Rathbone Income Fund Manager Carl Stick argues that relentlessly busy bees aren’t always as productive as they seem. Might the answer be to do fewer things better?
Can less be more?
There are still three long weeks to go until the UK heads to the polls on 4 July. One of the more wearying aspects of electioneering is the daily deluge of headline-grabbing policy initiatives intended to sway swing voters. An awful lot of spaghetti is being flung at the wall in the hope some sticks.
Call me cynical, but much of this pre-election noise feels like what American author and academic Cal Newport identifies as “pseudo-productivity” - busyness for busyness’ sake. If you’re frenetically doing something (almost anything), you’re not slacking and that’s useful, right?
Busy doing nothing…
Newport argues that visible activity is a very crude proxy for meaningful accomplishment.

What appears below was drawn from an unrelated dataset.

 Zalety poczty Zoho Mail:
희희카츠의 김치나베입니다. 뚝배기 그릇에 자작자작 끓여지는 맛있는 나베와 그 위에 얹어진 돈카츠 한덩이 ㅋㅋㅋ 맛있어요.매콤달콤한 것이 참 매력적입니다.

He’s a computer science professor so he’s particularly focused on what he calls the “hyperactive hive mind” of the tech world and other ‘knowledge’ industries that depend heavily on their workforces’ brain power to generate revenues.

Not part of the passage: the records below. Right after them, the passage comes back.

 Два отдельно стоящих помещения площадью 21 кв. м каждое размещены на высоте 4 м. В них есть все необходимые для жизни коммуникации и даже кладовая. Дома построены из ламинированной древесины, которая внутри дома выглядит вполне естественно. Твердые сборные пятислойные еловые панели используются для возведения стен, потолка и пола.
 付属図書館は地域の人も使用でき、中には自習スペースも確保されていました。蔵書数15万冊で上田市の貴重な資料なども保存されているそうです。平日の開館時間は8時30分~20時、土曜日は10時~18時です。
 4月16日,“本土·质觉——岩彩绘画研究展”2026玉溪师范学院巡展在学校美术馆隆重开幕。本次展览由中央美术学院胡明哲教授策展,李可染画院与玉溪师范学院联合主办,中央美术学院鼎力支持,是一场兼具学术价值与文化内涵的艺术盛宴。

He believes we’re pretty hopeless at defining what productivity means when it comes to tech workers toiling away at their laptops. If you manufacture widgets, you can measure productivity by counting how many get made in each shift. It’s much harder to gauge the output of a gazillion tech worker bees endlessly buzzing away at their email inboxes and chat channels.

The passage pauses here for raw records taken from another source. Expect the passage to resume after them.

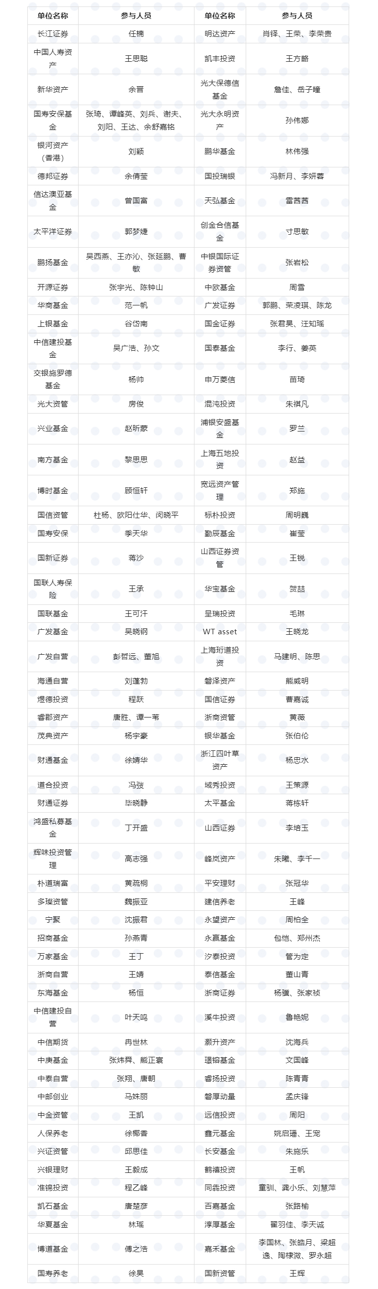 【附】路德環(huán)境投資者交流活動(dòng)單位及參會(huì)人員清單
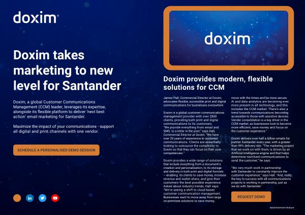 Doxim , a global Customer Communications Management ( CCM ) leader , leverages its expertise , alongside its flexible platform to deliver ‘ next best action ’ email marketing for Santander .
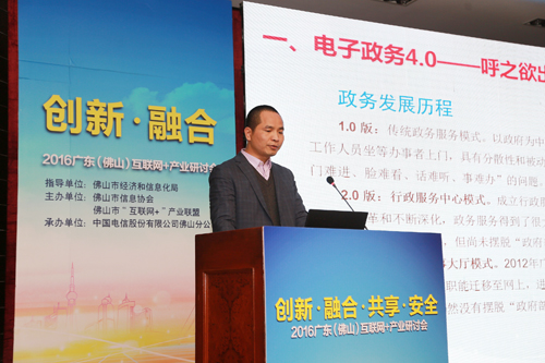 佛山市经济和信息化局副局长谢国高做“佛山市互联网+政府”主题演讲
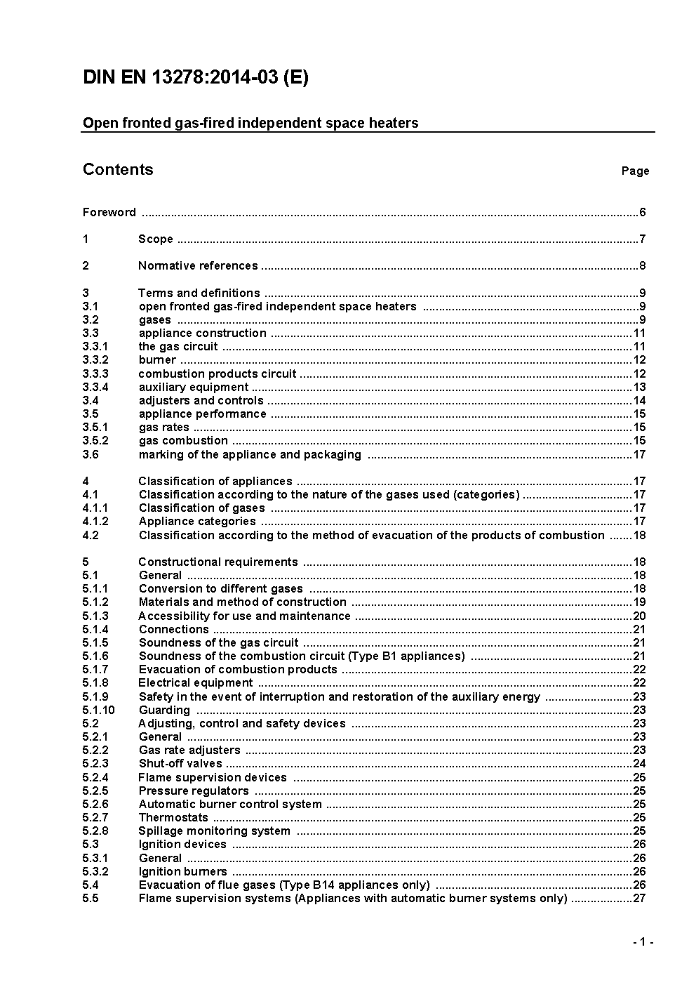 Open fronted gas-fired independend space heaters; German version EN 13278:2003

In his blog, Newport notes that Manchester United’s new part-owner Sir Jim Ratcliffe recently decided to end the club’s flexible work-from-home on Fridays policy. Why? Because he’d found that when he’d allowed staff at one of his other companies to work at home on Fridays, their email traffic dropped by 20% that day.
Newport argues that email number-crunching simply isn’t an effective way to measure useful effort. Indeed, in his latest book Slow Productivity: The Lost Art of Accomplishment Without Burnout, he claims that email traffic is just the kind of pseudo-productivity that looks like we’re getting a lot done but in fact diverts and distracts us from actual accomplishments.
He suggests a three-step solution that might lead to less worker overload on the one hand and getting more and better work done collectively on the other: do fewer things; work at a natural pace; and obsess over quality.
Of course, Newport’s slow productivity philosophy is targeted most at specific people and environments, notably knowledge workers in hybrid offices. But the principles he advocates do have relevance for broader business and investment themes.
Why bigger isn’t necessarily better
As we explain in our latest webinar, there are powerful arguments to suggest that for many businesses less really can mean more. The era of 1980s-style mega-conglomerates is way behind us, but too often companies still argue the case for diversification away from their core expertise. It’s easy to assume that doing less as a company implies slacking. But those businesses that try to juggle multiple conflicting goals and priorities can risk losing their focus and, over time, that may drain their competitive edge.
In the end, what really matters is tangible results and longevity. Sometimes, the best course of action might actually be to get smaller…
Consumer goods giant Unilever is doing just that. It’s announced plans to jettison its ice cream division to focus on 30 of its so-called ‘Power Brands’ (household names like Hellman’s, Dove and Cif) that account for about 75% of group turnover. Unilever isn’t just seeking a leaner organisational footprint, it’s also determined to deliver its mega-brands better.
Indeed, Unilever’s new CEO Hein Schumacher sounded straight out of the Slow Productivity playbook when he recently committed to doing “fewer things, better, and with greater impact”. Schumacher thinks these goals are best served by steering well clear of a “constant churn of new news that doesn’t really shift the dial.” Unilever’s new Growth Action Plan is in its infancy and the consumer space is highly competitive, but we’re enthusiastic about the changes afoot.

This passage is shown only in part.